Sunday, November 15, 2009
SHIMON ATTIE LECTURE
I really really enjoyed the Shimon Attie lecture on Wednesday. This year's lectures have proven to be the best series of lectures i've seen in the 4 and half years of art lectures i've attended at the school.
Since leaving grad school in 1991 Attie and completed between 20-25 major works in places as disparate as Berlin, New York, Copenhagen and Amber Van. The first images shown to us were of his series of projections in Berlin circa 1991. Just several years after the fall of the Berlin wall Attie plunged into research looking for street maps and archive photos of former Jewish places of residence and businesses pre- holocaust. He went on to project these images on top of the existing structures or approximately in the same locations. The powerful images join the world of the past and disappeared with the often crumbing architecture of the time. THis work takes the images of these locations and places the visual memory of the past in the context of the current landscape.
He went on to show images constructed into light boxes that were then lowered into the Copenhagen canals. these images which show a selection of photos mixing current refugees with images of the rescued Jews of Denmark layered against images of water borne craft uses the juxtaposition of past heroism against current social ills as an active challenge to the social policies in denmark concerning immigration and refugee assistance.
I find Attie's work to be interesting as it often engages with social history and current social issues in the same work joining our memory of the past or lack there of to the current situation in a way often challenging the viewer to consider the links and to become informed about the contrast of ideas.
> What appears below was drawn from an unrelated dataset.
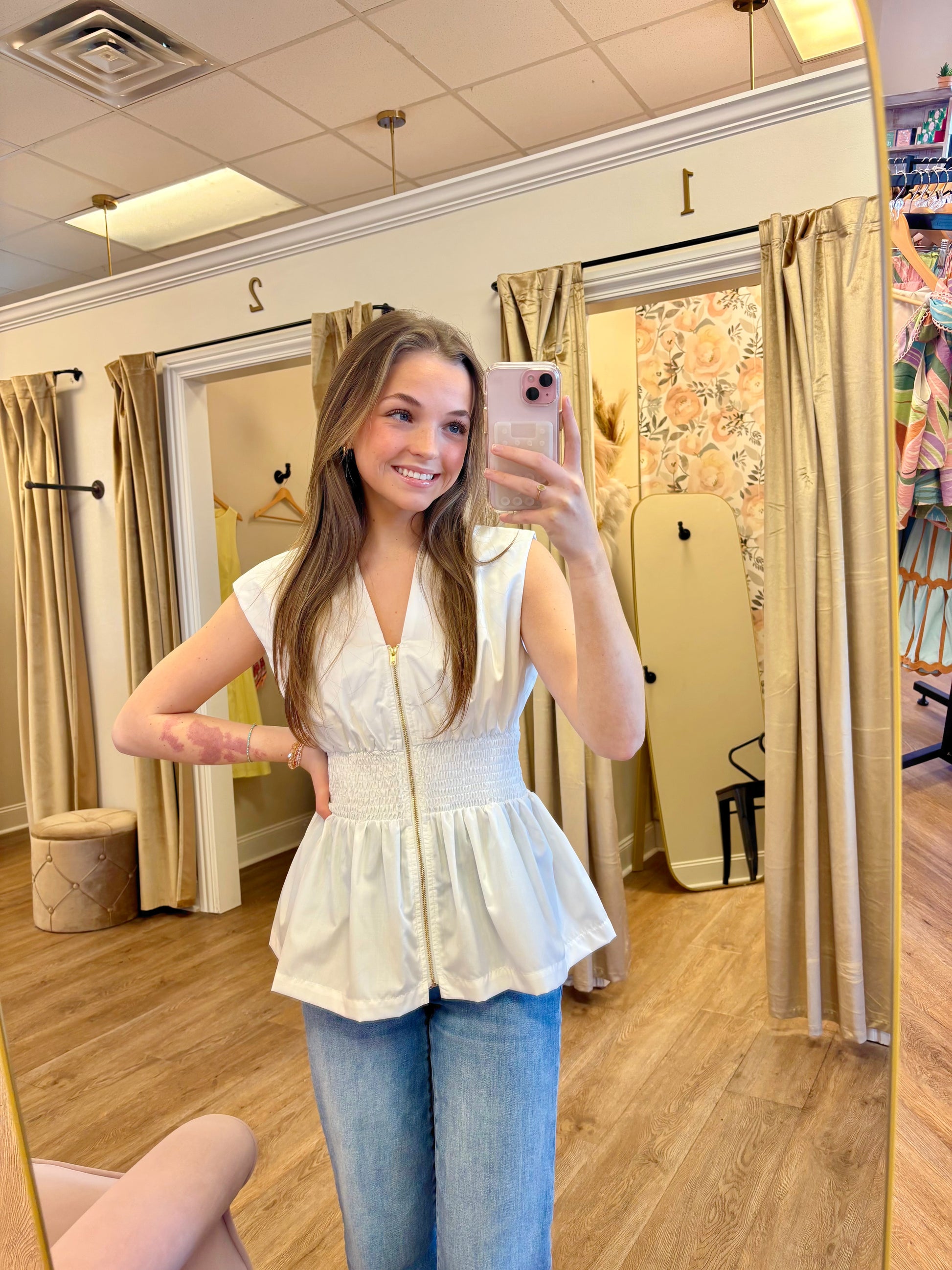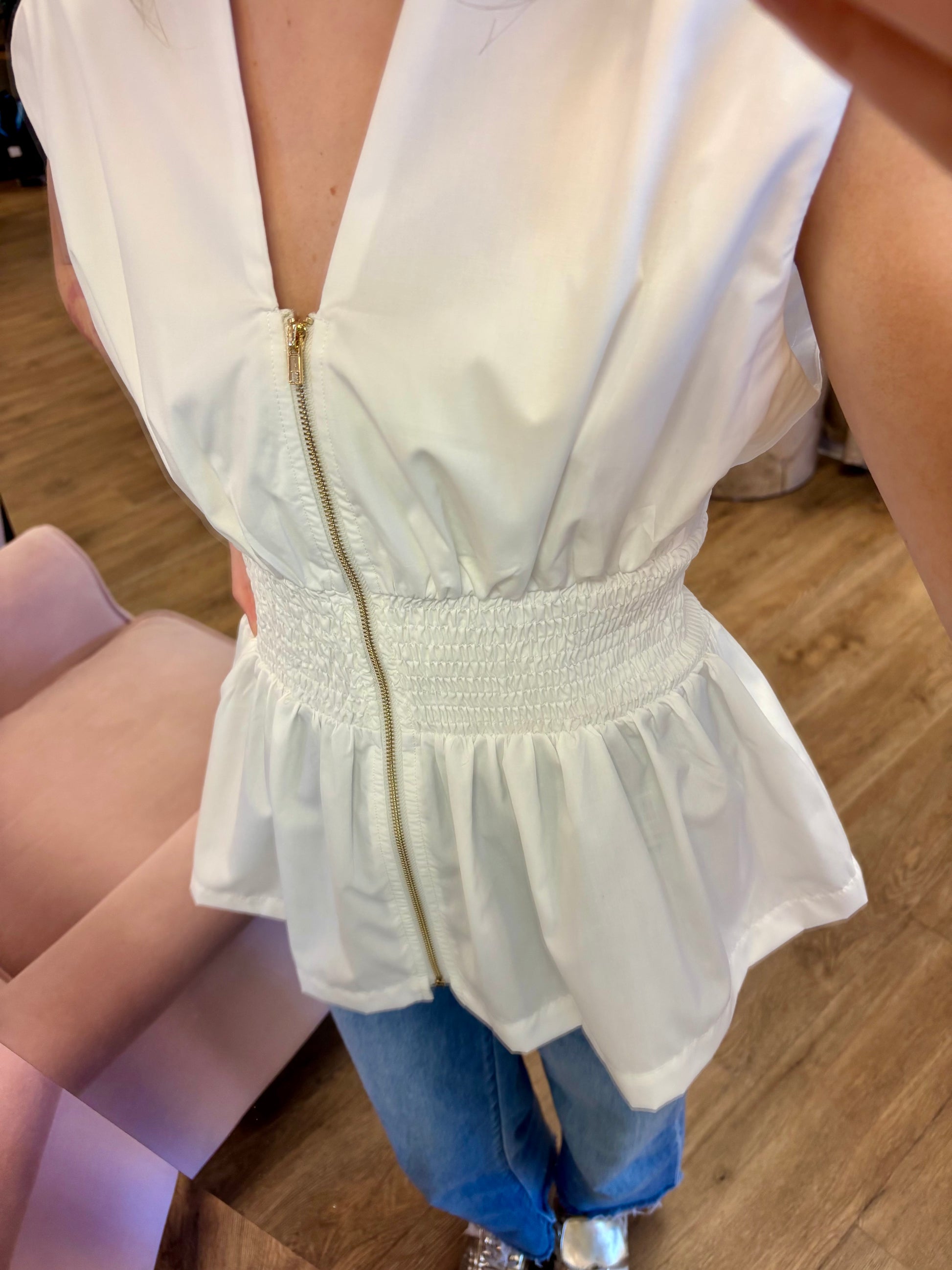 The Please Don't Go Top is a solid sleeveless top featuring wide smocked waist with peplum hem. Zipper closure at front.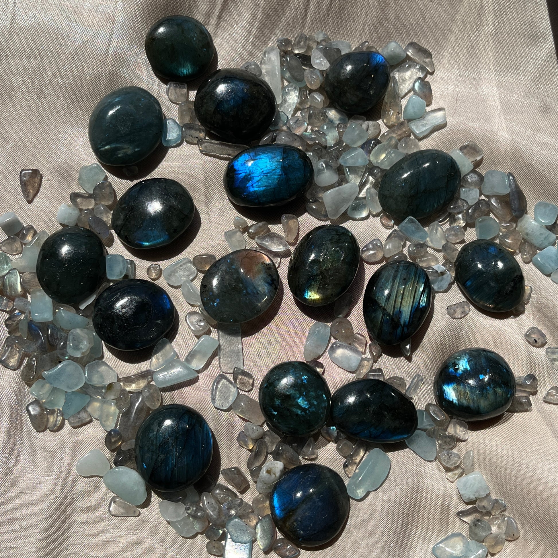 Mini palmstone di Labradorite grandezza dai 2 ai 4cm circa.

Attie finished his lecture showing images and video from two projects both involving still subjects on moving platforms giving both motion and stillness to the subject matter. Using a similar process in both works Attie pursues different ends with each project. in one the project exists as a way to help the community of Amber Van to reclaim their identity alongside other Welsh towns and away from being constantly defined by the mining disaster that claimed the lives of some hundred of the town's children. In the other the memory of a racetrack is illustrated through the sites artifacts and persons who were drivers, regulars and technicians associated with the site.